Lewisporte is an attractive town on Notre Dame Bay, a large bay surrounded by wooded hills. The town is mainly a port, and besides the ferry terminal there are several large marinas. Our ship made a right angle turn and maneuvered up to the dock, while the passengers lined up on deck waiting to go below. At the next slip was the largest sailing yacht I’ve ever seen. It was a blue ketch with two steel masts that seemed to go up forever. We later heard on TV that it was in town to pick up some VIP passengers who wanted to go sailing. They showed pictures of the inside and the main compartment even has a fireplace. You can charter it for a mere $38,000+ a week.
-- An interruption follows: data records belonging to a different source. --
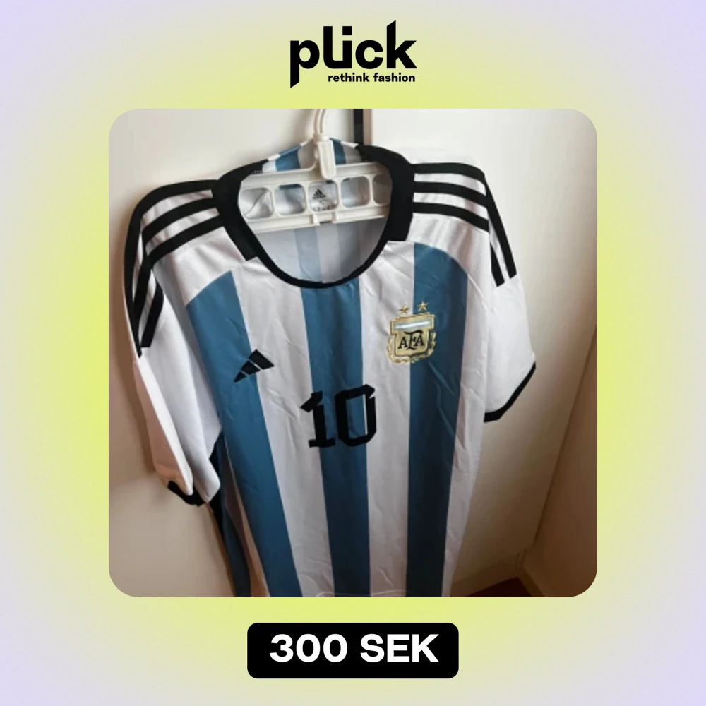 Jag säljer nu dena fina fotbolls tröjan med Messi nummer 10 där bak! Inget fel eller hål i den sicket är 10/10! Storlek är XL men passar ochså L
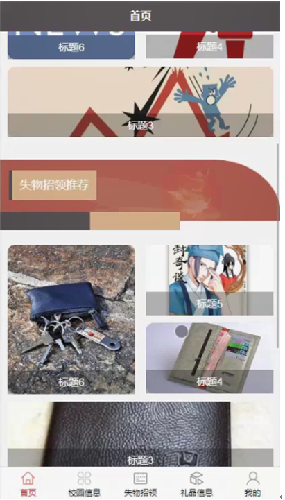 校园失物招领系统APP,在系统首页可以查看首页、校园信息、失物招领、礼品信息、我的等内容,并进行详细操作;如图4-3所示。
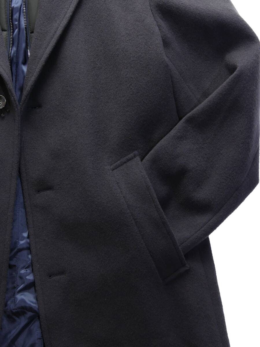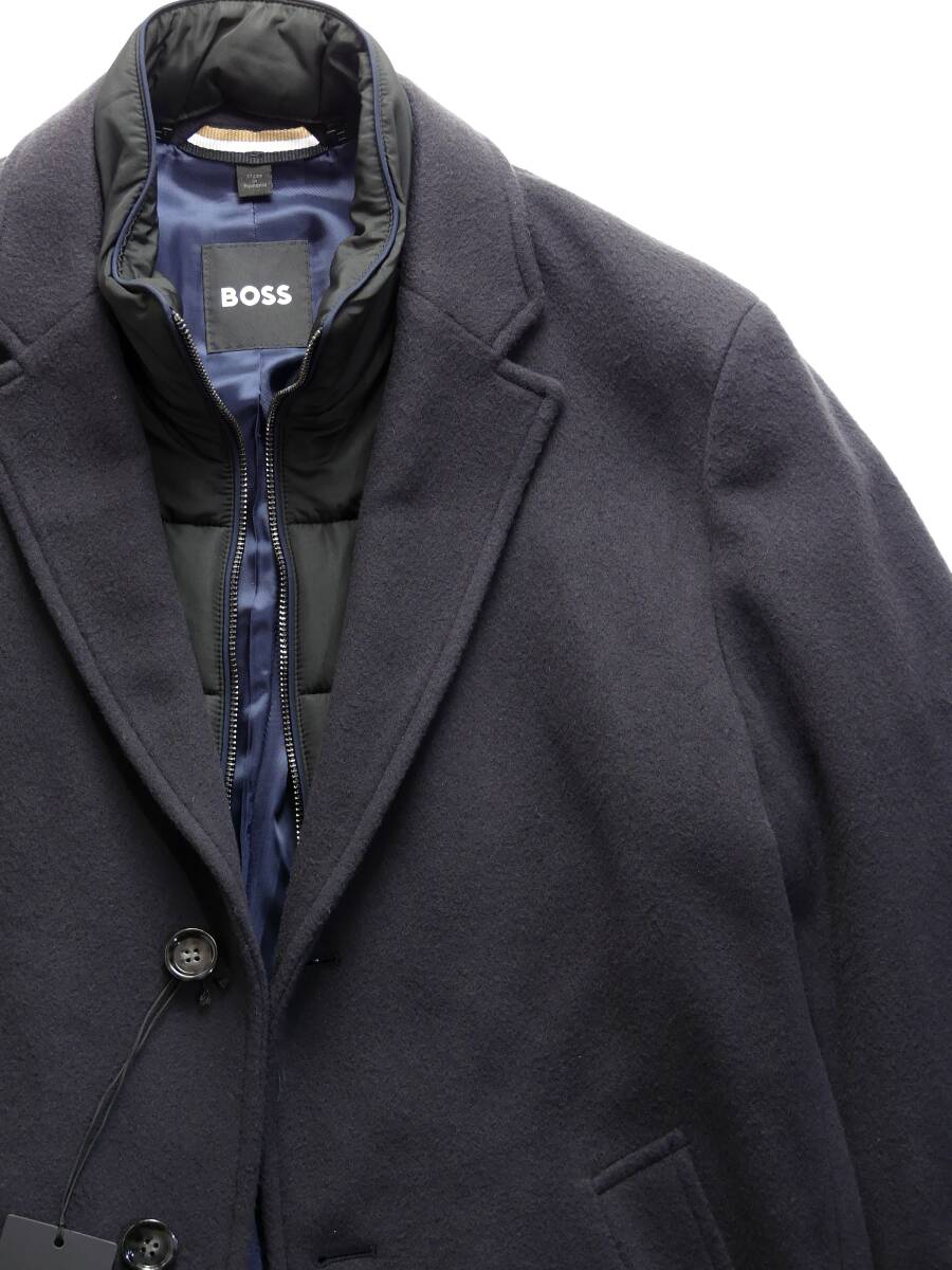 HUGO BOSS/ヒューゴ・ボス 防寒アタッチメント付。使える度もお洒落度も200%軽く柔らかフランネル濃紺チェスター ヒューゴ・ボス直営店購入の正規品新品です
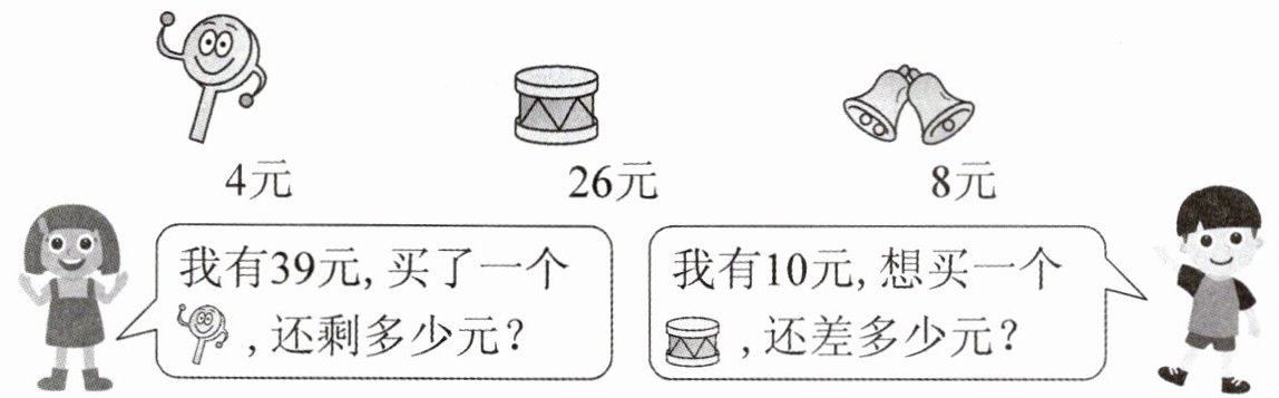 三、$39 - 4 = 35$(元) $26 - 10 = 16$(元)
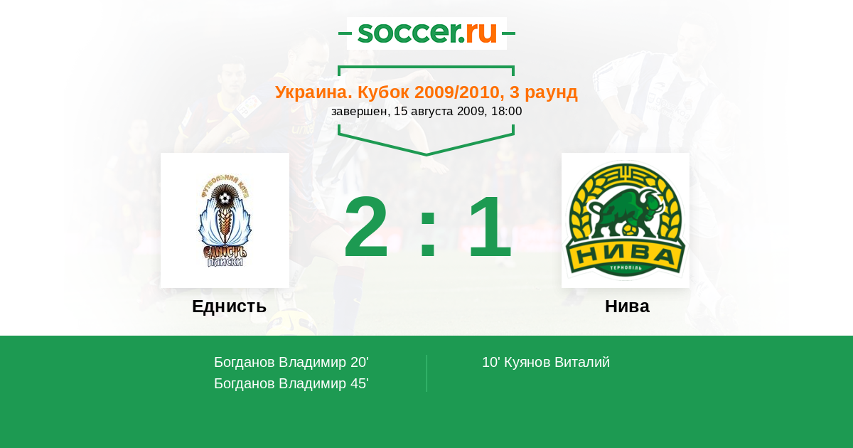 Еднисть - Нива: обзор матча 15 августа 2009
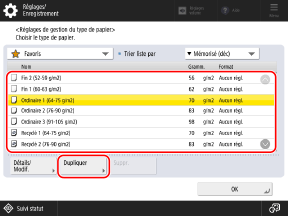 Vous pouvez copier l’un des types de papier déjà enregistré dans la machine, changer le nom du papier et les informations sur le papier et enregistrer le tout en tant que nouveau type de papier (type personnalisé).

We were finally admitted to the vehicle deck, and we got in our RV and waited to be waved ashore. Madolyn had the name of an RV park in Lewisporte, but we had no idea where it was. Fortunately a sign across from the ferry pointed south and said to turn on Church Street. A large church we’d seen from the ferry seemed a likely candidate to have a street named for it, and sure enough it was. Naturally we turned the wrong way on Church Street (there being no sign to tell us which way to go) and we had to make a tight U-turn in the RCMP parking lot. Fortunately there were no Mounties around to witness our blunder.

We found the park easily as soon as we got on the right road, and we checked into a nice grassy space with water and electricity. The park is on a large pond and the owner is a friendly guy who waved off my attempt to pay him extra for water to wash the RV, and even loaned me a spray nozzle.

Saturday, August 22

What followed for the next two days was a lot of clean up and a little R and R. We were pretty worn out from our trek through Labrador, and our home was filthy. Thursday we spent the day working and napping, and Friday we did the same, finally going into town late in the afternoon to do laundry and pick up some groceries.

One high point of the two days was meeting a Newfoundlander named Randy who has spent his life ‘on the rock’ and was not only a wealth of information, but a very friendly guy I enjoyed talking to. He has a fifth wheel, and said that there is still a lot of Newfoundland he hasn’t seen yet. He directed us to a museum dedicated to the aboriginal tribe that inhabited this area before Europeans, and we hope to visit it on our way out.

The second evening we took a walk on the lake shore, and then spent the rest of the evening watching the Olympics. It’s good to see the Canadian coverage, and how they support their athletes even when they lose. By contrast the U.S. coverage treats silver and bronze medalists as though they are losers. I love my country, but I sure wish we’d grow up and show some class for a change.